VacA induces expression of Bim via activation of ER stress.
(A) Immunoblot analysis was employed for the assessment of pro-apoptotic-BH3-only proteins and Bcl-2 family proteins after the cells were treated with either vehicle (control), 5 mM NH4Cl, 120 nM VacA, or 5 mM NH4Cl plus 120 nM VacA for 8 hr. (B) Density of bands was analyzed to confirm increased expression of Bim protein in NH4Cl plus VacA-treated cells compared to control. Data was assessed by one-way ANOVA followed by Bonferroni method.*p<0.05, control vs VacA plus NH4Cl-treated cells. The data represent the mean ± SEM for n = 3 studies. (C) Cells were treated with either vehicle (control), 5 mM NH4Cl, 120 nM VacA, or 5 mM NH4Cl plus 120 nM VacA for 8 hr. Bim mRNA expression was assessed by real-time PCR. Data was assessed by one-way ANOVA followed by Bonferroni method. *p<0.05, control vs NH4Cl plus VacA-treated cells. The data represent the mean ± SEM for n = 3 studies. (D) After incubation with PERK siRNA or non-specific siRNA for 48 hr, cells were treated as above and were subjected for immunoblot analysis for Bim and actin. (E) After incubation with PERK siRNA or non-specific siRNA for 48 hr, cells were incubated with 5 mM NH4Cl plus 120 nM VacA for 8 hr. Expression of Bim was assessed by immunoblotting followed by densitometry. Differences between groups were compared by using an unpaired two-tailed t-test.*p<0.05, non-specific siRNA-transfected cells vs PERK siRNA-transfected cells. The data represent the mean ± SEM for n = 3 studies. (F) Cells were treated with either non-specific siRNA or PERK siRNA for 48 hr. After incubation with 5 mM NH4Cl plus 120 nM VacA for 8 hr, cells were collected and real-time PCR was performed to assess Bim mRNA expression. The data represent the mean ± SEM for n = 3 studies. Differences between groups were compared by using an unpaired two-tailed t-test. *p<0.05 non-specific siRNA vs PERK siRNA. Data represent the results of 3 independent experiments.
Figure 7.
ER stress markers and BH3-only proteins are elevated in human H. pylori-infected mucosa.
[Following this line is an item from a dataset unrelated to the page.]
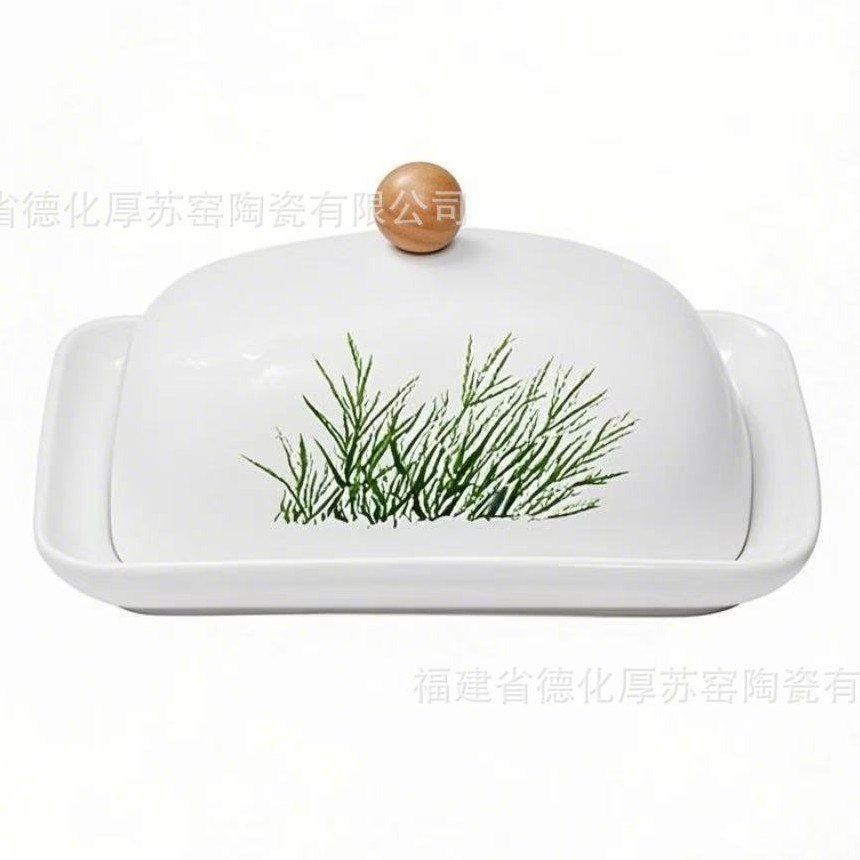 花柄白セラミックバタートレイ外国貿易クロスボーダー輸出カスタムバターセーバーフレンチバタートレイ

(A) mRNA was extracted from the biopsy specimen of H. pylori-negative and -positive gastric mucosa. Real-time PCR to quantify GRP78 mRNA expression was performed on the samples. Differences between groups were compared by using an unpaired two-tailed t-test. p<0.01, H. pylori-negative samples vs H. pylori-positive samples. H. pylori (−) n = 14, H. pylori (+) n = 22. (B) Immunohistochemistry of GRP78 in human gastric mucosa. GRP78 is identified by brown peroxidase staining. Right panel shows H. pylori-infected gastric mucosa (strong-positive GRP78 signal throughout the epithelium) and left panel shows healthy H. pylori-negative gastric mucosa (a lower GRP78 signal). Original magnification was 40×. (C) mRNA was extracted from the biopsy specimen of H. pylori-negative and -positive gastric mucosa. Real-time PCR of Bim (left panel) and PUMA (right panel) was performed on the samples. Differences between groups were compared by using an unpaired two-tailed t-test. H. pylori (−) n = 14, H. pylori (+) n = 22, *p<0.001, **p<0.05, H. pylori negative samples vs H. pylori positive samples.